[To do]
Transcribe the entries that follow exactly as they appear, minus pictures.

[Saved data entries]
********
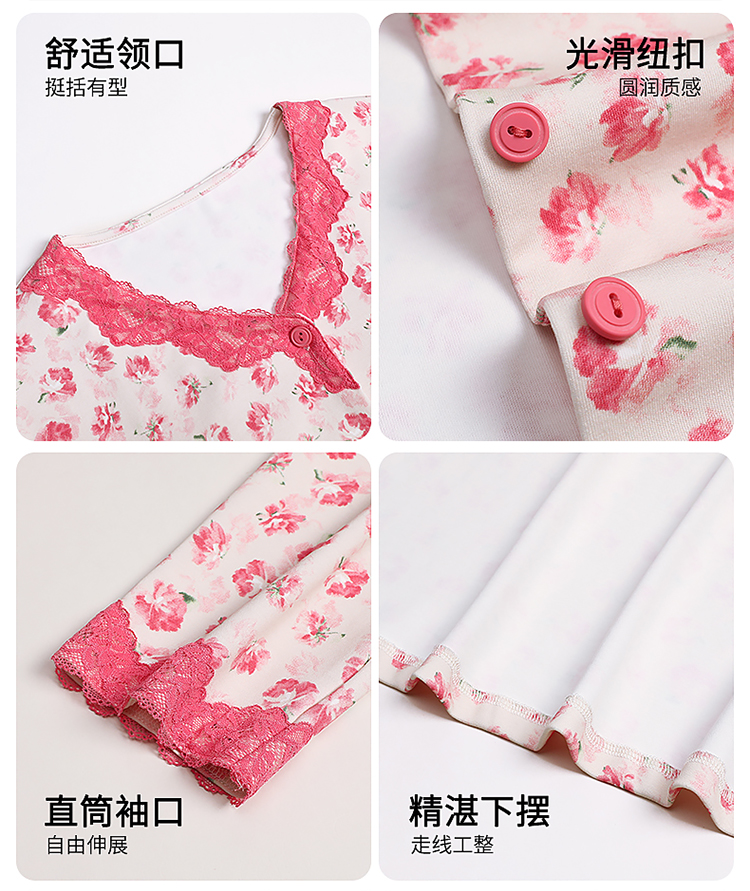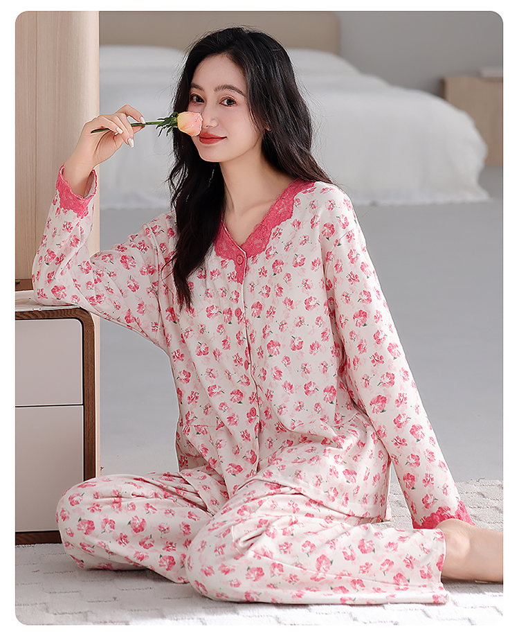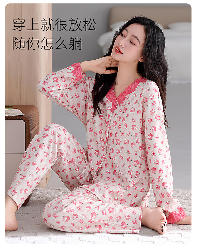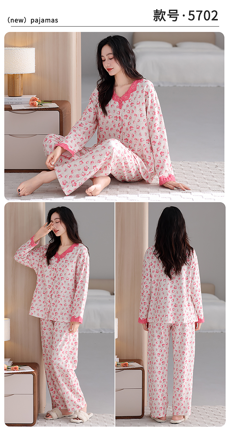 (总)洛兰沙家居馆 2026新款长袖睡衣女款纯棉春季印花开衫翻领家居服可外穿套装 第二批,45145,45146,45147
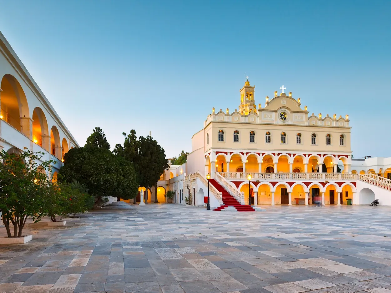 Το αποκορύφωμα του προσκυνήματός μας είναι η εκκλησία της Παναγίας Ευαγγελίστριας, ο πιο σεβαστός θρησκευτικός χώρος στην Ελλάδα. Αυτό το μεγαλοπρεπές ιερό, όπου φυλάσσεται η θαυματουργή εικόνα της Παναγίας, είναι ένας τόπος βαθιάς πίστης και αφοσίωσης, προσελκύοντας χιλιάδες προσκυνητές κάθε χρόνο.
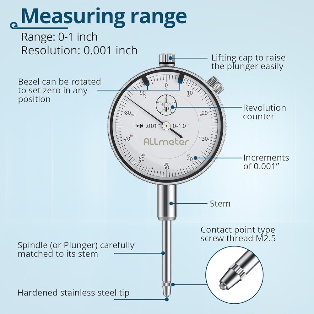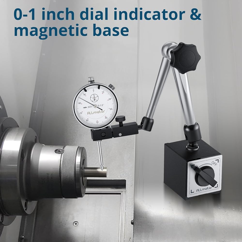 • القياس الدقيق: مؤشر القرص ذو القاعدة المغناطيسية يحقق دقة لا مثيل لها في قياساتك مع مؤشر القرص الذي يتميز بنطاق قياس من 0-1 بوصة ودقة 0.001 بوصة. مثالي للقياسات المقارنة في ورش العمل وغرف التفتيش، فهو يساعد في تقييم الأخطاء في الأشكال الهندسية، وقياس التشوهات بدقة، والتحقق من محاذاة مركز المخرطة
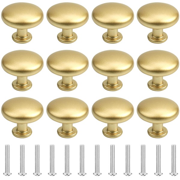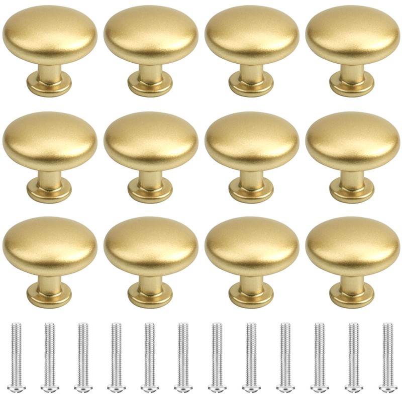Roellgs 12Pack Cupboard Knobs Black Door Knobs Black Cabinet Knobs Kitchen Door Knobs Round Draw Knobs Cupboard Door Handles (Round Shape, Gold)
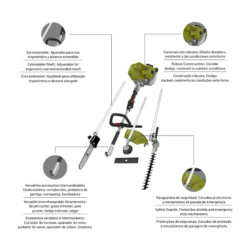 Gracias a su diseño multifuncional 4-en-1, puedes transformar fácilmente la herramienta para distintas labores: desde cortar pasto y bordes, hasta desbrozar áreas más tupidas con accesorios adecuados (como cabezal de nylon o cuchilla metálica). Su estructura resistente y su ergonomía pensada para el uso prolongado te ofrecen comodidad y control excelente en cada pasada.
********
[Solution to this problem]
 (总)洛兰沙家居馆 2026新款长袖睡衣女款纯棉春季印花开衫翻领家居服可外穿套装 第二批,45145,45146,45147
 Το αποκορύφωμα του προσκυνήματός μας είναι η εκκλησία της Παναγίας Ευαγγελίστριας, ο πιο σεβαστός θρησκευτικός χώρος στην Ελλάδα. Αυτό το μεγαλοπρεπές ιερό, όπου φυλάσσεται η θαυματουργή εικόνα της Παναγίας, είναι ένας τόπος βαθιάς πίστης και αφοσίωσης, προσελκύοντας χιλιάδες προσκυνητές κάθε χρόνο.
 • القياس الدقيق: مؤشر القرص ذو القاعدة المغناطيسية يحقق دقة لا مثيل لها في قياساتك مع مؤشر القرص الذي يتميز بنطاق قياس من 0-1 بوصة ودقة 0.001 بوصة. مثالي للقياسات المقارنة في ورش العمل وغرف التفتيش، فهو يساعد في تقييم الأخطاء في الأشكال الهندسية، وقياس التشوهات بدقة، والتحقق من محاذاة مركز المخرطة
Roellgs 12Pack Cupboard Knobs Black Door Knobs Black Cabinet Knobs Kitchen Door Knobs Round Draw Knobs Cupboard Door Handles (Round Shape, Gold)
 Gracias a su diseño multifuncional 4-en-1, puedes transformar fácilmente la herramienta para distintas labores: desde cortar pasto y bordes, hasta desbrozar áreas más tupidas con accesorios adecuados (como cabezal de nylon o cuchilla metálica). Su estructura resistente y su ergonomía pensada para el uso prolongado te ofrecen comodidad y control excelente en cada pasada.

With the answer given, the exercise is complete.